Keywords: Green economy, productivity, Porter hypothesis, environmental policy, industrial policy, Canada, green intensity index, firm performance.
1 Introduction
Canada stands at a pivotal crossroads in the global green transition. As a resource-rich nation with 14.6% of its 2021 gross domestic product (GDP) tied to natural resource extraction, energy production and related industries—the highest share in the G7 and more than double that of France, the United Kingdom and the United States (Organisation for Economic Co-operation and Development [OECD] 2025)—Canada faces unique challenges as it seeks to balance economic growth with ambitious climate and sustainability goals. The imperative to decarbonize to meet net zero targets, against the backdrop of accelerating climate change impacts (World Meteorological Organization 2021) and shifting international trade and investment patterns (Airaudo et al. 2025), has led to calls for a comprehensive measure of the performance of the industries most involved in Canada’s progress toward a more environmentally friendly economy.
Existing metrics have been typically developed around single dimensions, providing important but incomplete snapshots. For example, Statistics Canada’s Environmental and Clean Technology Products Economic Account (ECTPEA) measures the contribution of the production of environmental and clean technology (ECT) goods and servicesNote to the economy, providing information related to output, employment and other economic variables, but lacking productivity metrics. Occupation-based methods, as developed by Vona et al. (2019) and applied by organizations such as the OECD, ECO Canada, and Employment and Social Development Canada (OECD 2023; Laing et al. 2025), identify green jobs through task analysisNote and estimate that these jobs are equivalent to about 2% to 4% of Canadian employment. Meanwhile, business surveys, like the Survey of Innovation and Business Strategy, reveal significant sectoral variations in clean technology adoption, ranging from 3.6% in the finance and insurance sector to 33.5% in the utilities sector, with traditionally polluting industries showing strong adoption rates. A holistic framework that integrates granular data on output, employment and technology adoption would better enable policy makers and stakeholders to assess progress, identify gaps and design targeted interventions that support sustainable economic transformation.
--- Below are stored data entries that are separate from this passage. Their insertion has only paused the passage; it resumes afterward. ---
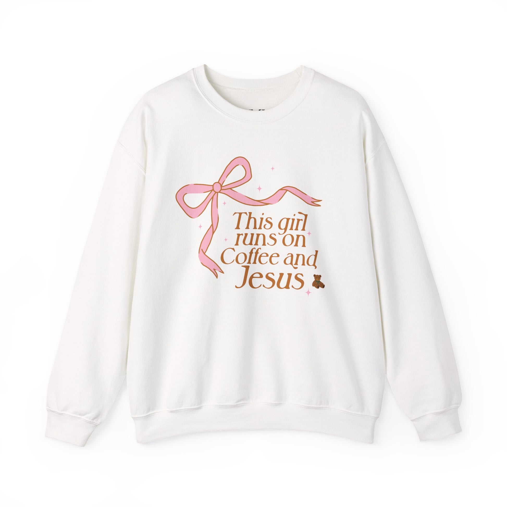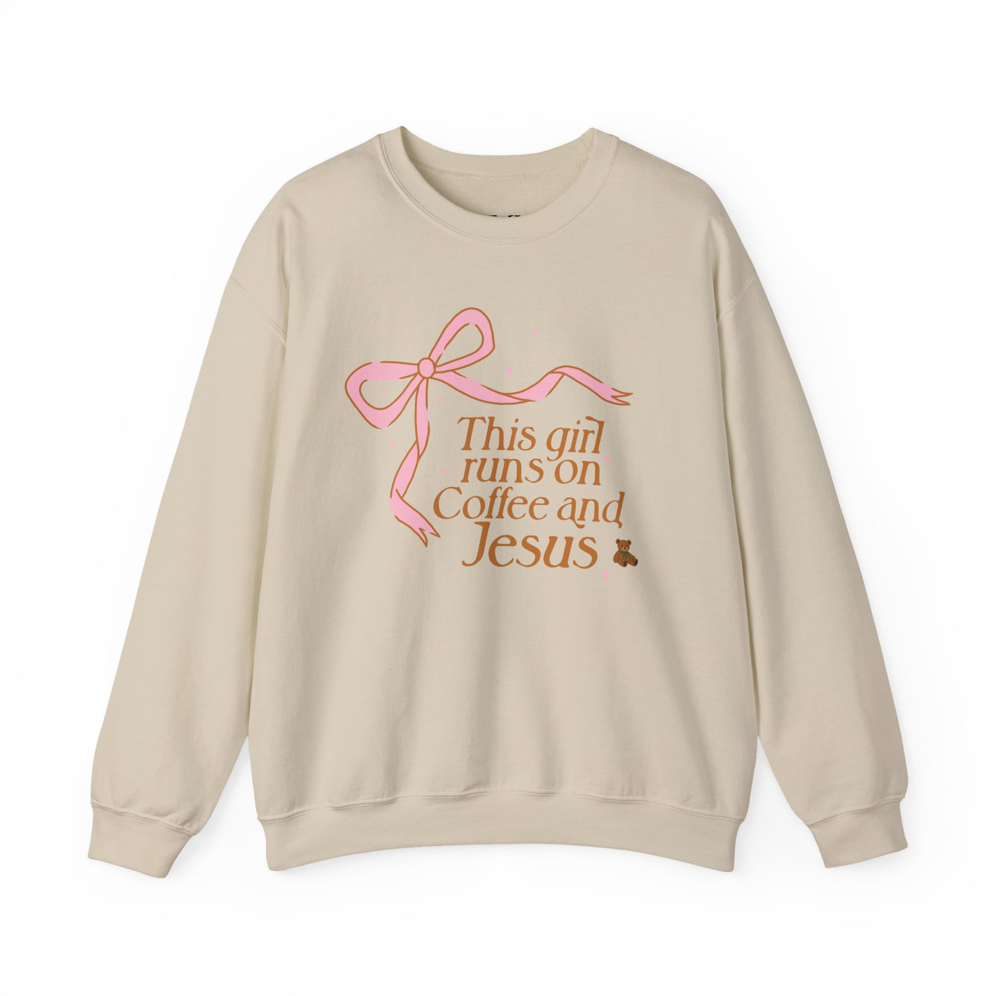 Christian Sweatshirt — "This Girl Runs on Coffee and Jesus" Cozy Crewneck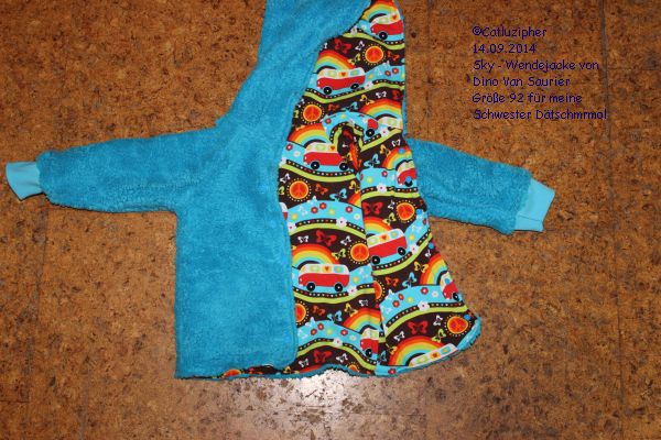 Dann sollte ich für meine Schwester eine Jacke nähen. Vom Drachen hatte ich noch türkisen Plüsch über. Diesen kombinierte meine Schwester dann mit einem bunten Bullistoff.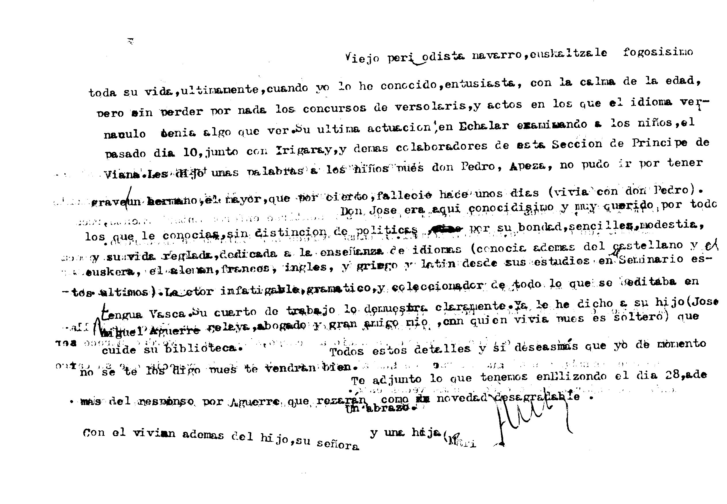 Euskaltzaindia. Gutunak: Ulzurrunen gutuna Agerreren heriotzaren berri emanaz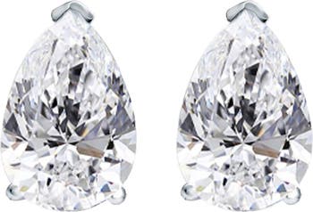 Womens matching pair of stud earrings features two pear shape genuine lab grown diamonds. Both diamonds are prong set in solid 14k white gold push backs.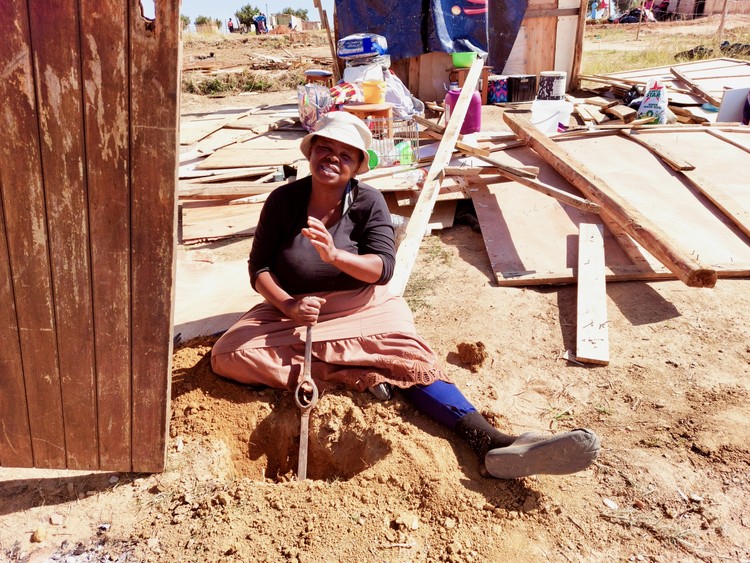 Tholakhele Nkosi digging a hole with just the head of a pickaxe to put up a support pole for her shack. Photos: Kimberly Mutandiro Johannesburg metro police demolished shacks in Rabie Ridge for the ...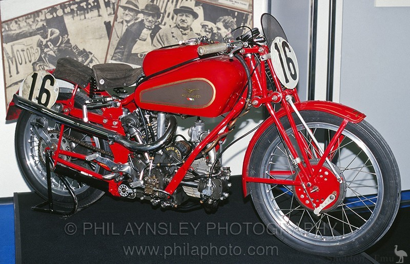 In 1935 it gained rear suspension and was the first Moto Guzzi racer to do so. That year, Stanley Woods won the IOM Tourist Trophy Senior race.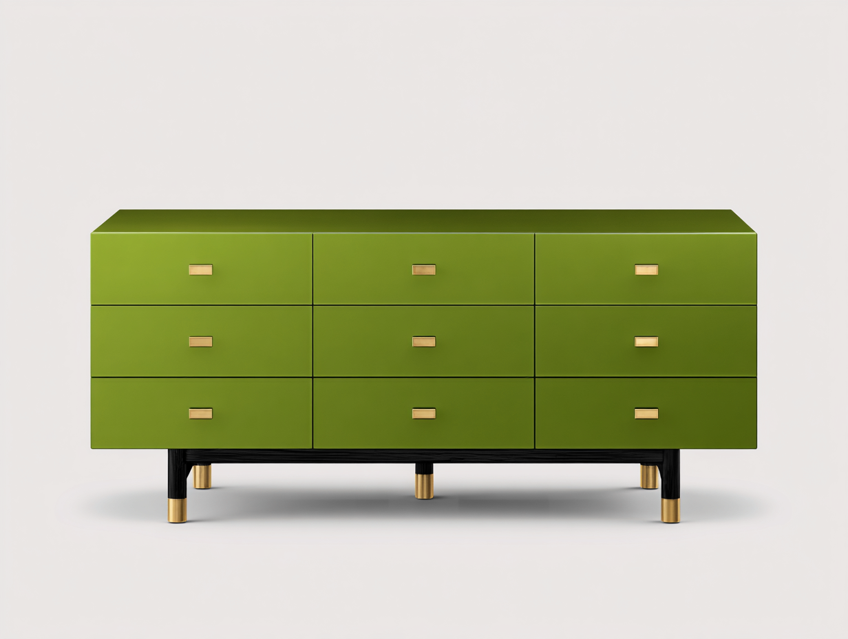 Diese moderne Kommode überzeugt durch ihr klares Design und die auffällige grüne Farbgebung. Sie bietet großzügigen Stauraum und setzt gleichzeitig einen stilvollen Akzent in Wohn- oder Schlafzimmern.

This paper takes several steps in that direction by developing a novel and comprehensive index at the four-digit North American Industry Classification System (NAICS) level that captures output, process and employment activities related to reducing environmental impact, remediating environmental degradation and preserving ecosystems, hereafter referred to as green activities.Note This approach integrates multiple dimensions of green activities, including output-based industrial categorizations, occupational green task intensity, environmental goods exports and firm-level investment in capital associated with clean technologies, into a three-tier composite measure—low, medium and high—that reflects the spectrum of intensity of green activity across all industries. It is important to note that by this definition, the absence of green activity within a firm, an industry or a sector does not imply it is harming the environment; this merely indicates that it is not positively affecting environmental outcomes.
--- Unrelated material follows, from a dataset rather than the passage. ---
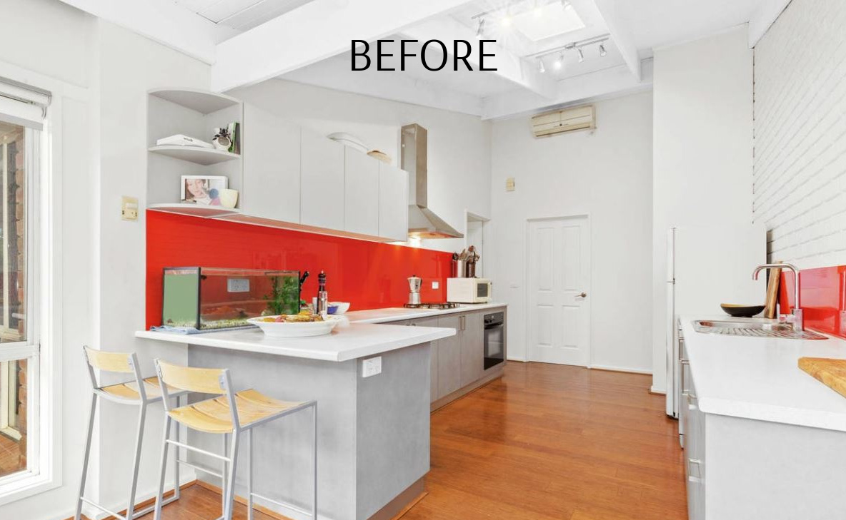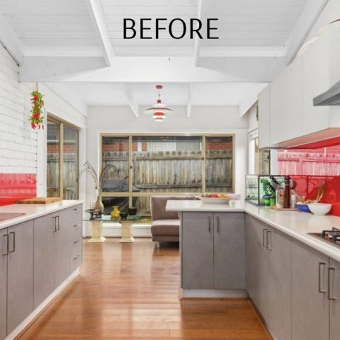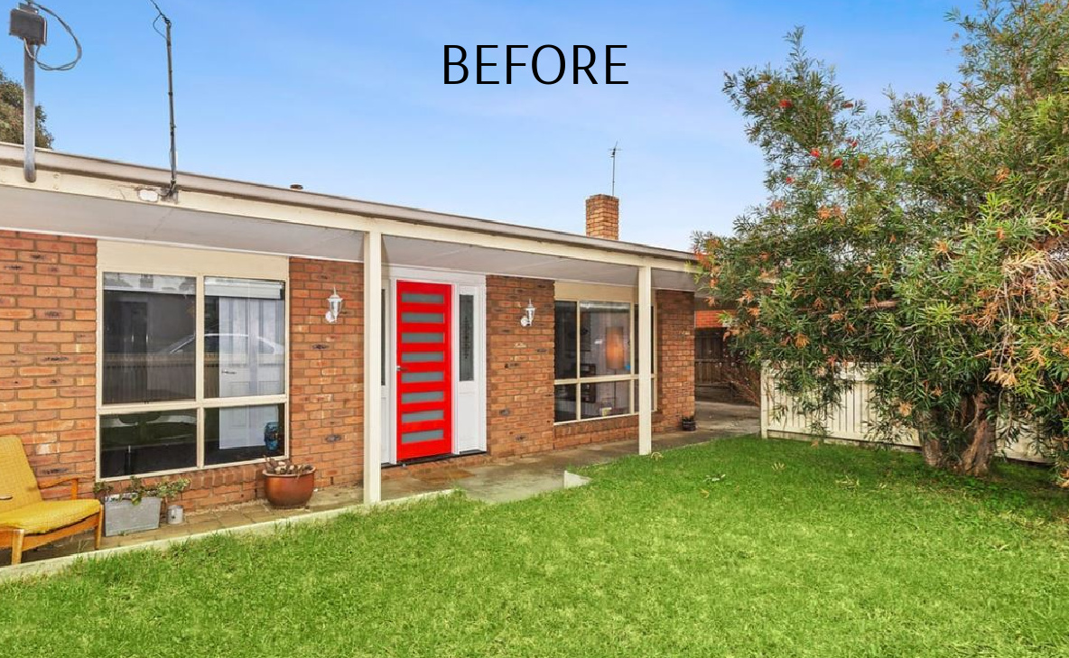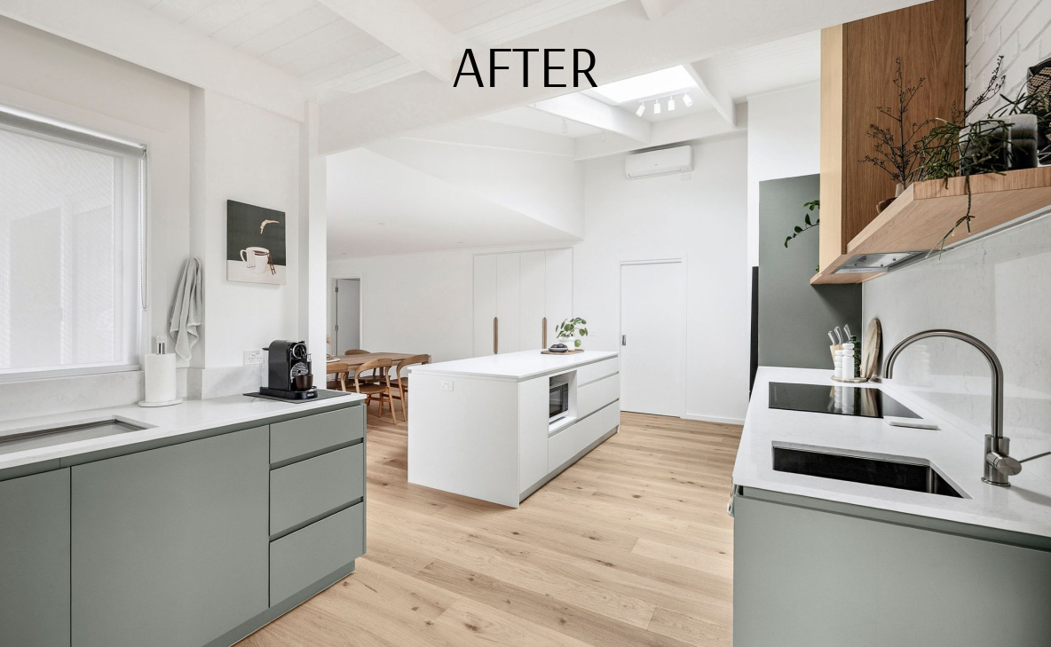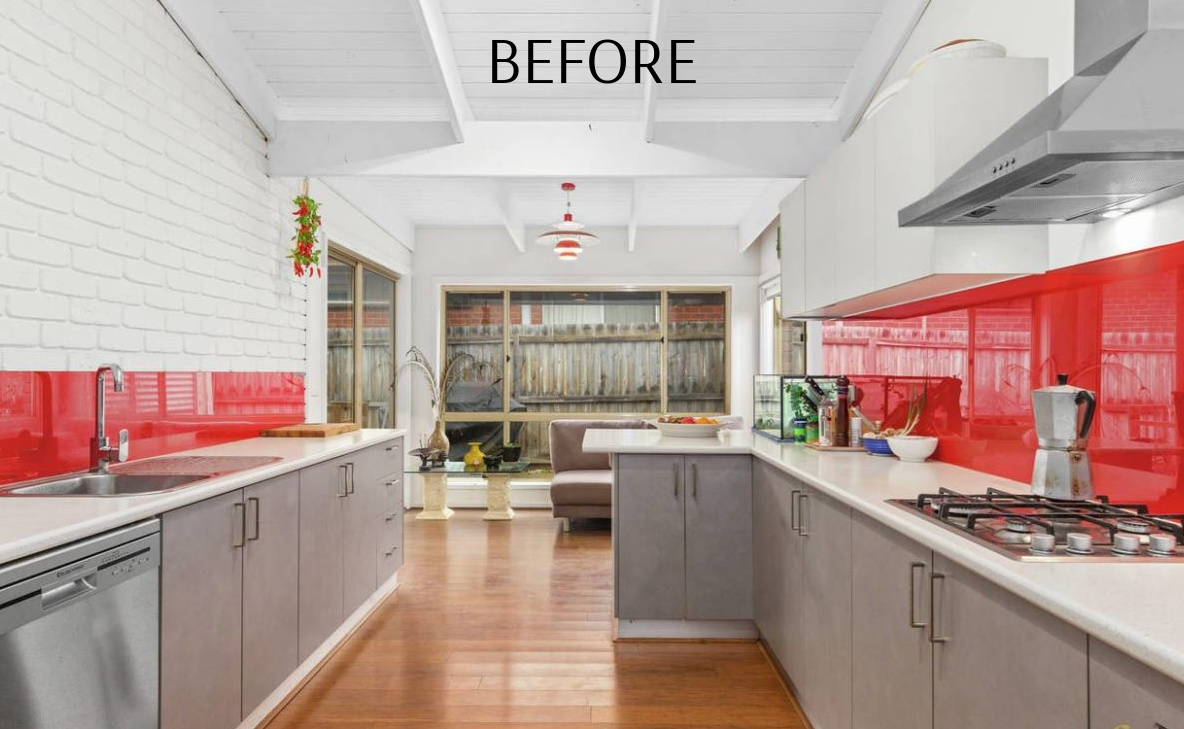 Transform a dated 1980s brick veneer complete with a curious floor plan & a previous renovation featuring traffic-stopping red, into a light-filled, open-plan coastal haven.

This study finds that industries with high green intensity are concentrated in professional, scientific and technical services; construction; and agriculture, forestry, fishing and hunting. From 2016 to 2022, high green-intensity industries maintained a significant productivity advantage, with productivity levels 10% to 20% above those of medium green-intensity industries and 50% to 60% above those of low green-intensity industries. Even at a more aggregated sectoral level (two-digit NAICS code), this productivity premium persisted—five of seven sectors with high green-intensity industries experienced superior productivity performance. Furthermore, industries with high green intensity showed signs of being more economically dynamic and resilient, posting higher productivity growth rates from 2016 to 2022 and experiencing smaller post-pandemic productivity declines than firms in medium and low green-intensity industries. Finally, productivity growth of greener industries relied more heavily on dynamic market processes in the service sector, compared with within-firm improvements, which were more prominent in the goods sector. These findings contribute to the growing body of evidence that environmental sustainability and economic performance are not competing objectives but complementary imperatives for long-term prosperity. Moreover, the varying drivers of productivity growth between the goods and service sectors underscore the potential need for tailored policy design aimed at fostering a green economy.
The remainder of this paper is organized as follows. Section 2 reviews the relevant literature. Section 3 outlines data sources and the development of the industry-level green intensity index. Section 4 presents the empirical analysis, including descriptive statistics and the results from a productivity decomposition framework. Section 5 concludes with key findings, limitations and future research directions.
2 Literature review
This section reviews and synthesizes recent literature on the interplay between environmental performance and economic outcomes, particularly in the Canadian context.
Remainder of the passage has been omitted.